Every line of the material below needs to be copied exactly; omit the pictures.

## Material provided
****************
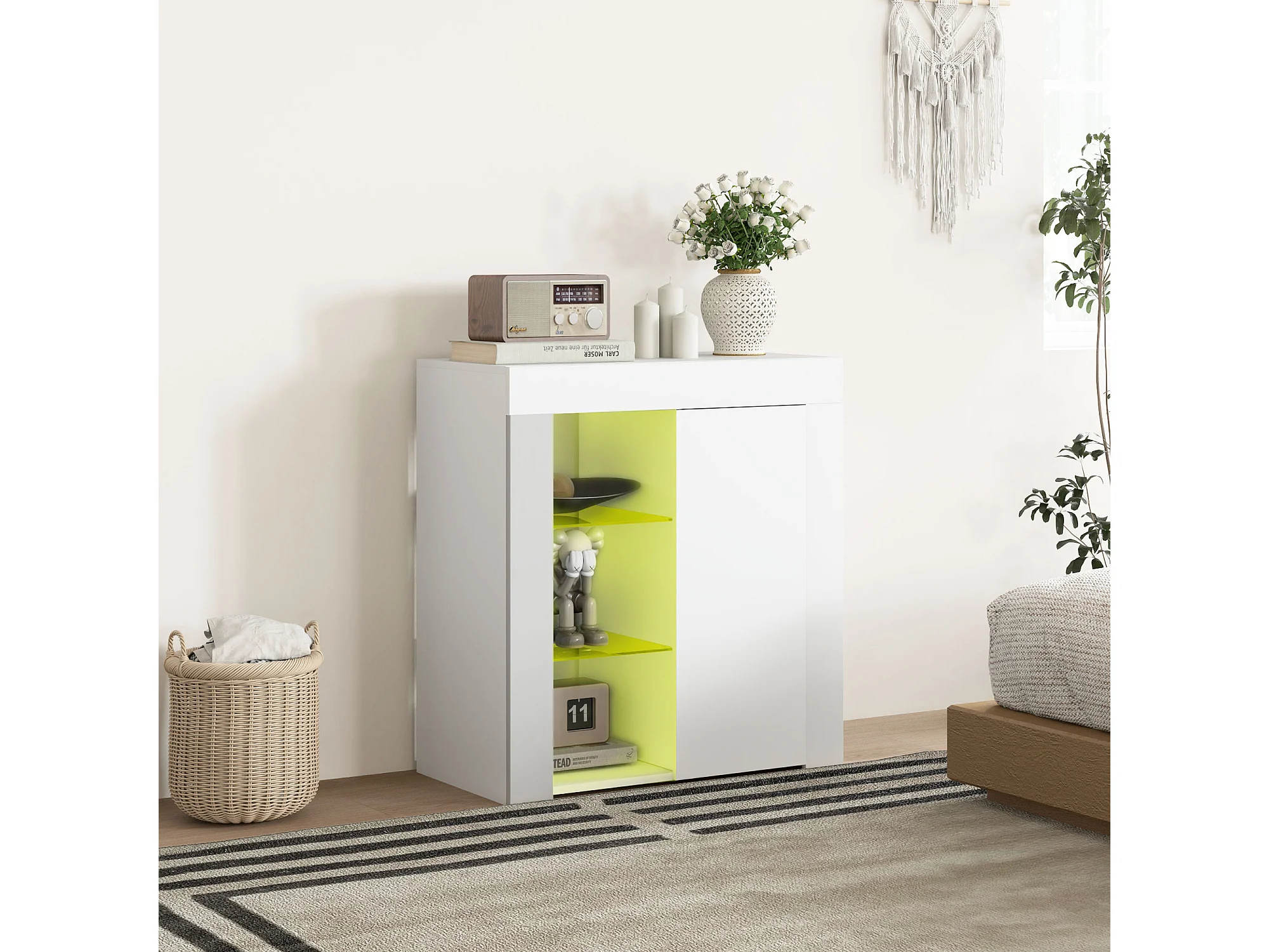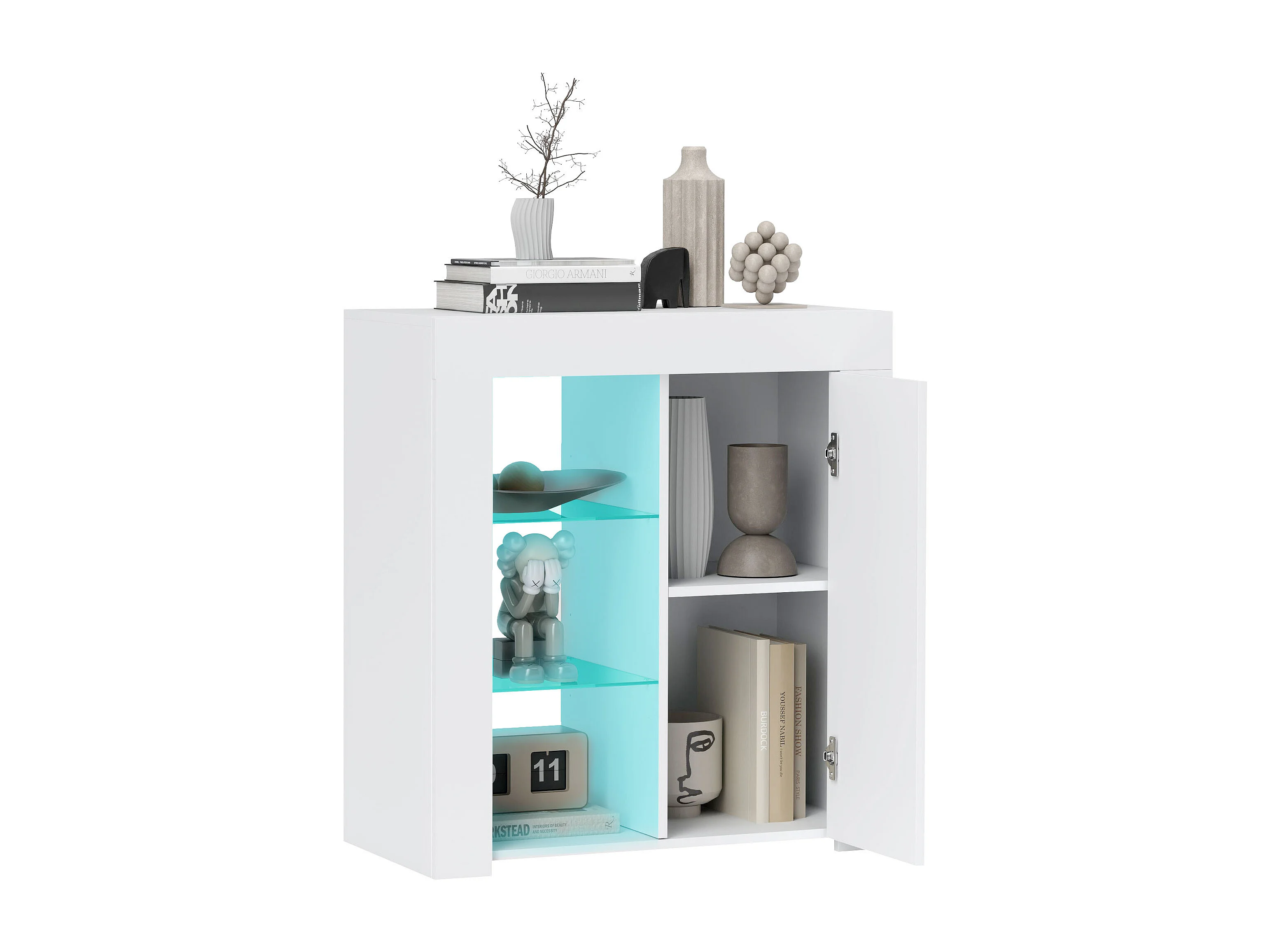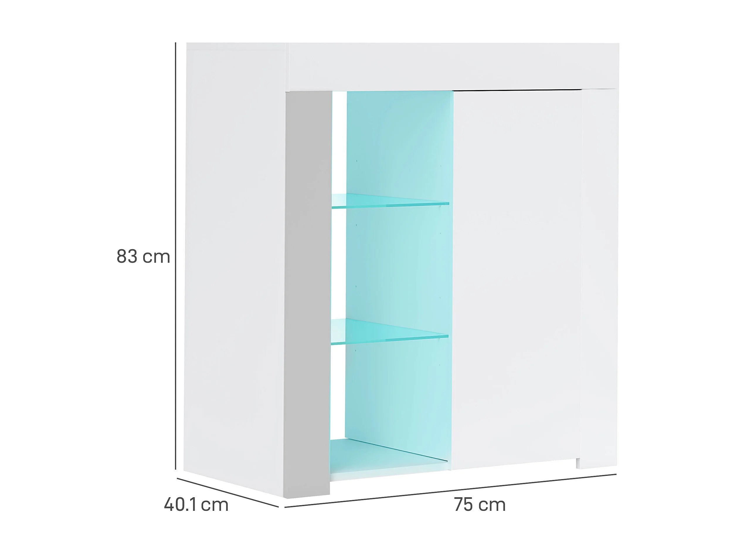Mobile contenitore a led con 3 ripiani aperti e armadietto bianco
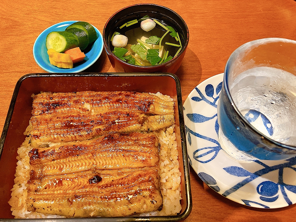 晩飯 「魚登久」の胆焼き、鰻重、片山酒造の酒粕焼酎「粕華」(生)
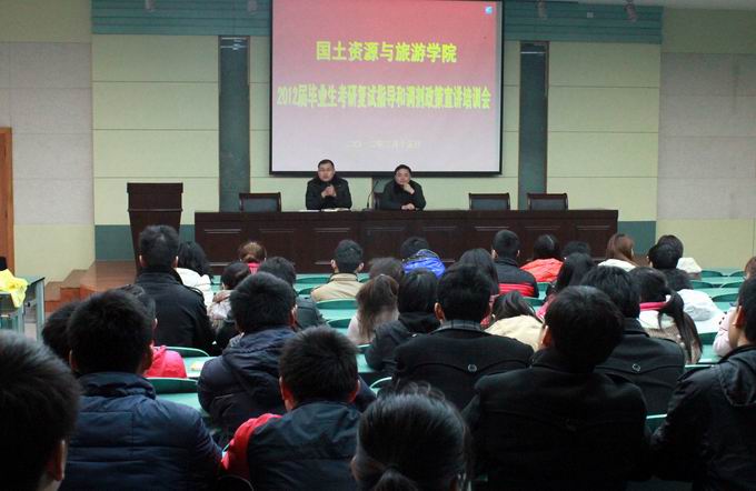 科研副院长苏勤、党委副书记罗振、毕业班辅导员和2012届全体考研同学参加了培训会。
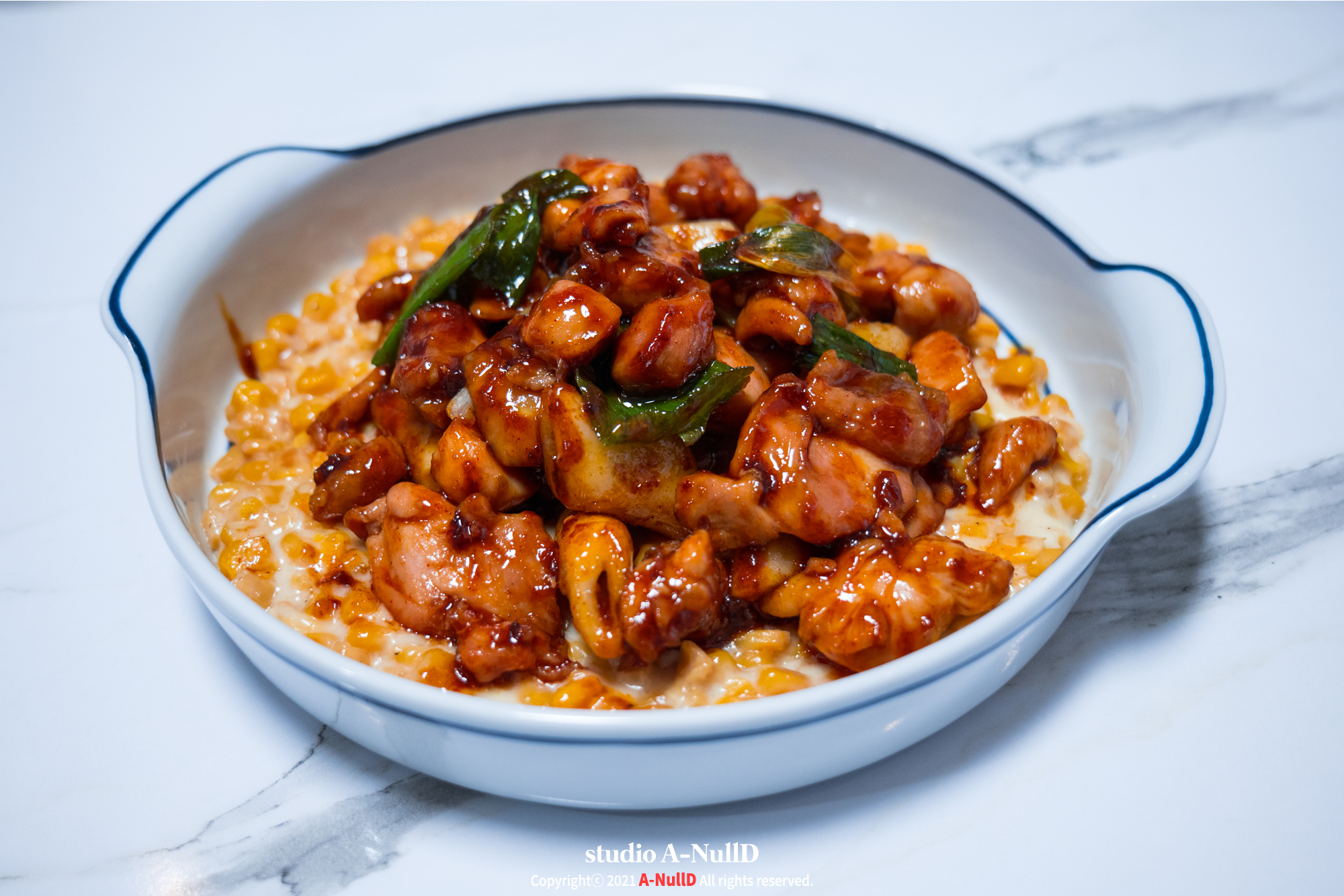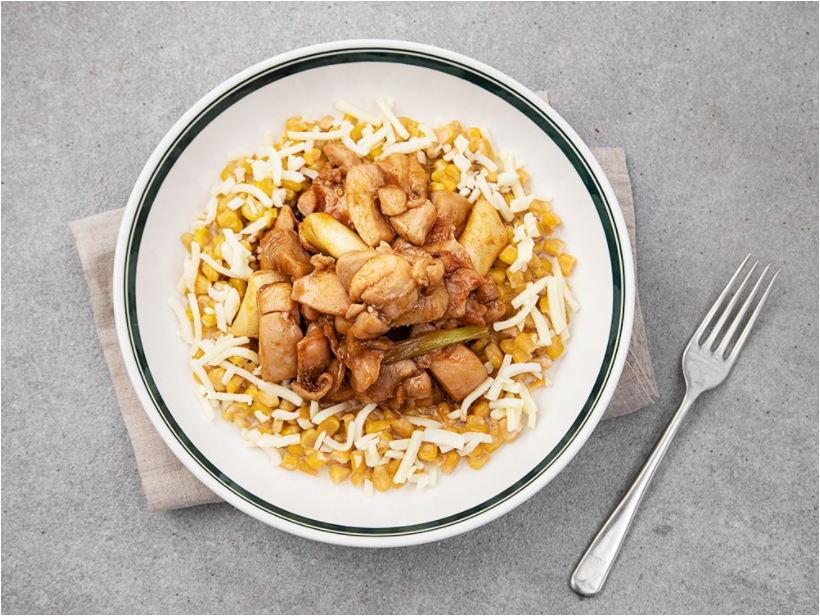 그릇에 콘치즈를 깔아주고 그 위에 바비큐치킨을 올려줘요.
****************
## Answer space
Mobile contenitore a led con 3 ripiani aperti e armadietto bianco
 晩飯 「魚登久」の胆焼き、鰻重、片山酒造の酒粕焼酎「粕華」(生)
 科研副院长苏勤、党委副书记罗振、毕业班辅导员和2012届全体考研同学参加了培训会。
 그릇에 콘치즈를 깔아주고 그 위에 바비큐치킨을 올려줘요.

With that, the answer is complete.